Your goal: Although the entries contain pictures, only their words should be duplicated exactly.

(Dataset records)
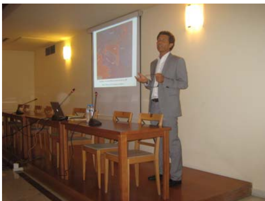
Φωτο 6: Κατά τη διάρκεια διάλεξης από τον καθηγητή Mauro Soldati το 2013, Professor, Dipartimento di Scienze Chimiche e Geologiche, UNIMORE - Università degli studi di Modena e Reggio Emilia
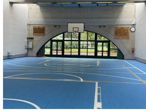
きれいになった体育館

10月1日に後期始業式を行いました。後期始業式は全校児童生徒揃って、新しくなった体育館で実施しました。後期には学習発表会やスキー体験学習など楽しみな行事があります。特に学習発表会では、特別に用意したものでなく、日頃の学習の成果を発揮してくれることを願っています。スキー体験学習も現在のイタリヤの状況では実施できそうなどということを楽しみにしています。また、後期は、次の学年に進級する心構えや責任感も準備することが必要になってきます。中学3年生は卒業に向けて進路を定める大切な時
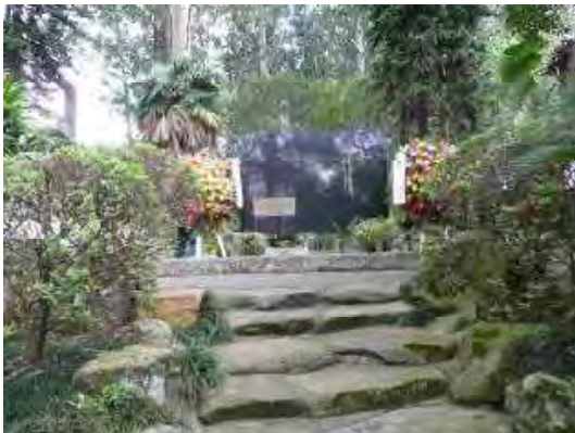
日本移民開拓先没者慰霊碑

慰霊碑に献花して、亡くなった移民の皆様の御霊に哀悼の誠を捧げた後、慰霊碑の地下にある霊廟に入り、祀られた平和慈母観世音菩薩木像、地藏菩薩像、過去帳を前に焼香し、手を合わせて冥福を祈り、記帳した。本橋会長に加え、連合会の役員の方々に参列いただいたが、参拝したこと、なかんずく参拝から訪伯の活動を始めたことを大変喜んでいただいた。
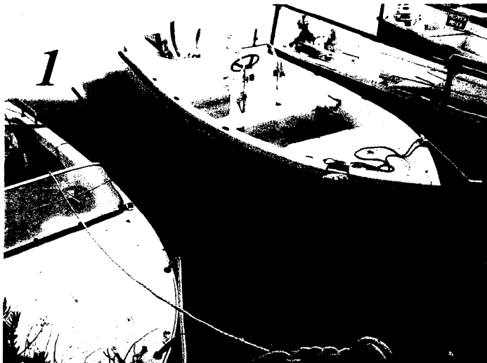
Lato sx guardando da via Varese (fine fosso)
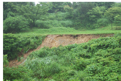
崩れた斜面 (円上寺地内)
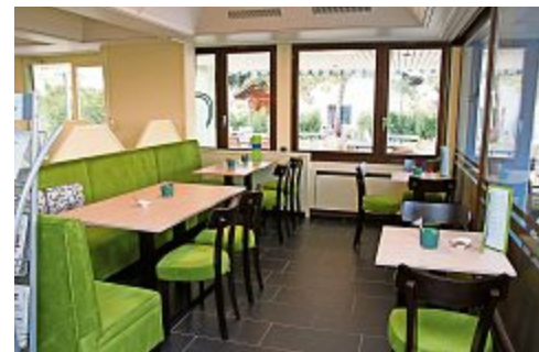
Das gemütliche Bistro lädt zum «Käfele».
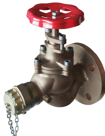
Sous réserve de modifications Photo non contractuelle

Dimensionnel hors standard nous consulter
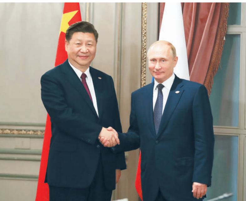
当地时间11月30日,国家主席习近平在布宜诺斯艾利斯会见俄罗斯总统普京。

新华社布宜诺斯艾利斯11月30日电 (记者刘华) 当地时间11月30日,国家主席习近平在布宜诺斯艾利斯会见俄罗斯总统普京。习近平指出,中俄关系发展顺应时代潮流和两国人民共同愿望,具有强大内生动力和广阔前景。今年以来,中俄双方共同努力,推动各领域合作取得一系列新的成果。明年是中俄建交70周年,这将是两国
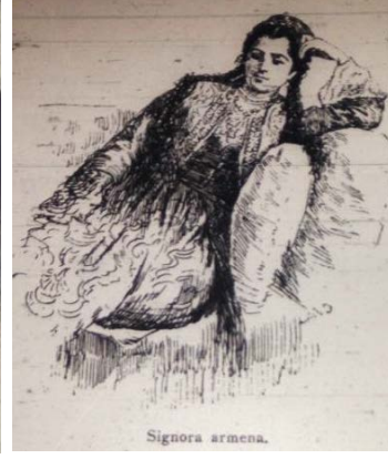
Fig. 11. Ermeni Kadın
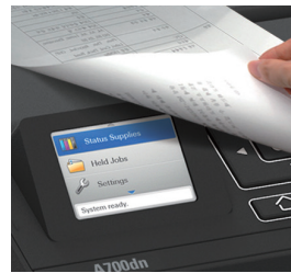
양면인쇄 기본 장착

2.4인치의 컬러 디스플레이가 장착돼 프린터 상태를 직관적으로 확인할 수 있어서 매우 편리합니다.
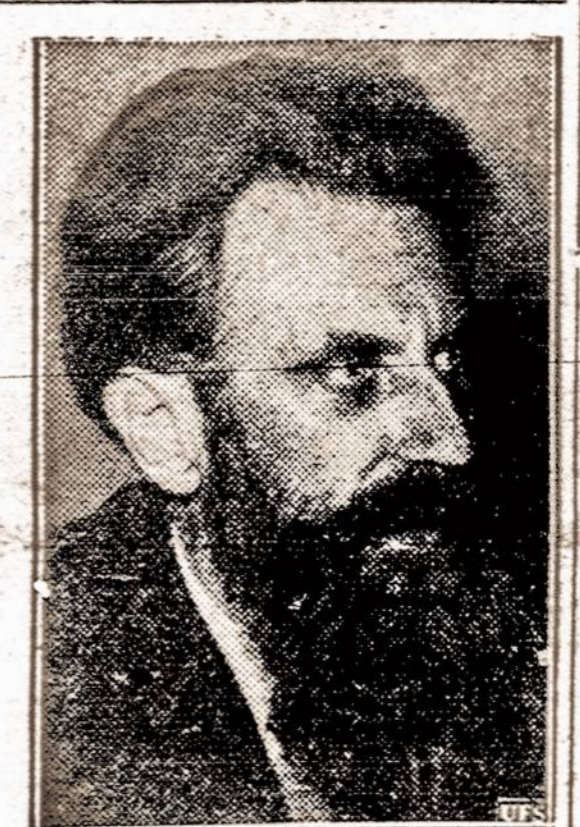
Kaltinamas. — Sovietų Šiaurės Ašgalio ekspedicijos vadas dr. Otto J. Schmidt, kuris dabar Sovietų kaltinamas už apsilėidimą ir nevykusį kai kurių tos ekspedicijos narių gelbėjimą. Kai kurie Sovietų vadai sako, kad laikas jį "išvalyti".

Answer box:
Φωτο 6: Κατά τη διάρκεια διάλεξης από τον καθηγητή Mauro Soldati το 2013, Professor, Dipartimento di Scienze Chimiche e Geologiche, UNIMORE - Università degli studi di Modena e Reggio Emilia
きれいになった体育館

10月1日に後期始業式を行いました。後期始業式は全校児童生徒揃って、新しくなった体育館で実施しました。後期には学習発表会やスキー体験学習など楽しみな行事があります。特に学習発表会では、特別に用意したものでなく、日頃の学習の成果を発揮してくれることを願っています。スキー体験学習も現在のイタリヤの状況では実施できそうなどということを楽しみにしています。また、後期は、次の学年に進級する心構えや責任感も準備することが必要になってきます。中学3年生は卒業に向けて進路を定める大切な時
日本移民開拓先没者慰霊碑

慰霊碑に献花して、亡くなった移民の皆様の御霊に哀悼の誠を捧げた後、慰霊碑の地下にある霊廟に入り、祀られた平和慈母観世音菩薩木像、地藏菩薩像、過去帳を前に焼香し、手を合わせて冥福を祈り、記帳した。本橋会長に加え、連合会の役員の方々に参列いただいたが、参拝したこと、なかんずく参拝から訪伯の活動を始めたことを大変喜んでいただいた。
Lato sx guardando da via Varese (fine fosso)
崩れた斜面 (円上寺地内)
Das gemütliche Bistro lädt zum «Käfele».
Sous réserve de modifications Photo non contractuelle

Dimensionnel hors standard nous consulter
当地时间11月30日,国家主席习近平在布宜诺斯艾利斯会见俄罗斯总统普京。

新华社布宜诺斯艾利斯11月30日电 (记者刘华) 当地时间11月30日,国家主席习近平在布宜诺斯艾利斯会见俄罗斯总统普京。习近平指出,中俄关系发展顺应时代潮流和两国人民共同愿望,具有强大内生动力和广阔前景。今年以来,中俄双方共同努力,推动各领域合作取得一系列新的成果。明年是中俄建交70周年,这将是两国
Fig. 11. Ermeni Kadın
양면인쇄 기본 장착

2.4인치의 컬러 디스플레이가 장착돼 프린터 상태를 직관적으로 확인할 수 있어서 매우 편리합니다.
Kaltinamas. — Sovietų Šiaurės Ašgalio ekspedicijos vadas dr. Otto J. Schmidt, kuris dabar Sovietų kaltinamas už apsilėidimą ir nevykusį kai kurių tos ekspedicijos narių gelbėjimą. Kai kurie Sovietų vadai sako, kad laikas jį "išvalyti".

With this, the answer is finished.